The contract carries a universal 3-year term in all contract and all areas within Local 555’s jurisdiction. Expired contracts are retroactively applied back to relative expiration dates; otherwise, this contract begins the day after the current contract expires. Some contracts in the jurisdiction expired in the summer of 2018; some have not yet expired at the time of this release.

The agreement makes significant progress in achieving gender equity through higher wages for workers in the female-dominated, lower-paying departments, as well as a formalized path for opportunities to enter into higher-paying departments. This language will allow long-term members an equal opportunity to advance from Schedule B positions to the higher-paid Schedule A positions based on skills and qualifications, rather than on arbitrary management decisions.

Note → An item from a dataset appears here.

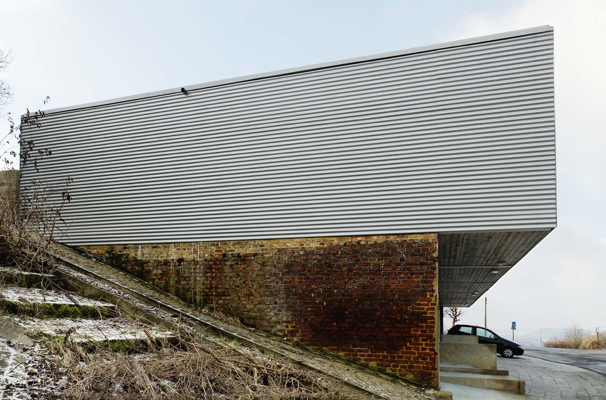 Le programme consiste dans la destruction d’une rangée de six maisons mitoyennes insalubres de la fin du XIXème siècle afin d’y reconstruire trois logements neufs. Le parti permet de résoudre deux problèmes : assurer la stabilité du maintien des terres sans utiliser l’entièreté du budget à reconstruire un mur de soutènement et restituer un impact volumétrique équivalent à celui du volume détruit avec une surface plancher budgétairement réalisable. L’objectif est également d’offrir des logements agréables, avec une relation directe aux jardins via une cour (Sud) et des vues plongeantes sur le paysage. Un bardage métallique élégant confère un aspect de légèreté et de sophistication au projet tout en rappelant l’industrie métallurgique qui constitue le fond du paysage. La structure métallique est composée de portiques en acier se répétant à chaque travée (tout les 4,80 m). Ces portiques sont constitués de trois colonnes, dont deux sont contreventées entre-elles par des tirants, et d’une poutre qui referme le portique.

“Finally having a fair process to change departments not only gives me financial freedom [due to resulting wage increases], but emotional freedom because I feel more respected at work,” said Ann Poff, a 22 year deli member at Safeway.

Wage increases for Schedule A journeypersons are more than twice what previous contracts provided, with Schedule B journeypersons seeing 3 ½ times more.

Apprentice scale wages ensure that most scales’ position relative to minimum wage will remain consistent, even as the minimum wage continues to increase over the next two years, with an end result being up to a $2/hour increase over the course of the contract.

These new rights and benefits secured in the contract, as well as inroads towards gender equity in addition to higher wages for all (regardless of gender), will collectively provide a significant and positive impact on the lives of Local 555 workers.

“In standing together and demonstrating our solidarity and determination, we won this historic contract by being Union Strong. And we couldn’t have done it without our communities coming together to stand with us: from shoppers to elected officials to workers’ rights activists who demonstrated their support. Local 555 members: we are all the union, and we together make the difference,” said Dan Clay, Local 555 president.


United Food and Commercial Workers Union Local 555 represents nearly 25,000 workers in Oregon and SW Washington and has grown to be the largest private sector labor union in Oregon. Local 555 members are a diverse group of workers in retail, manufacturing, and health care, among other industries.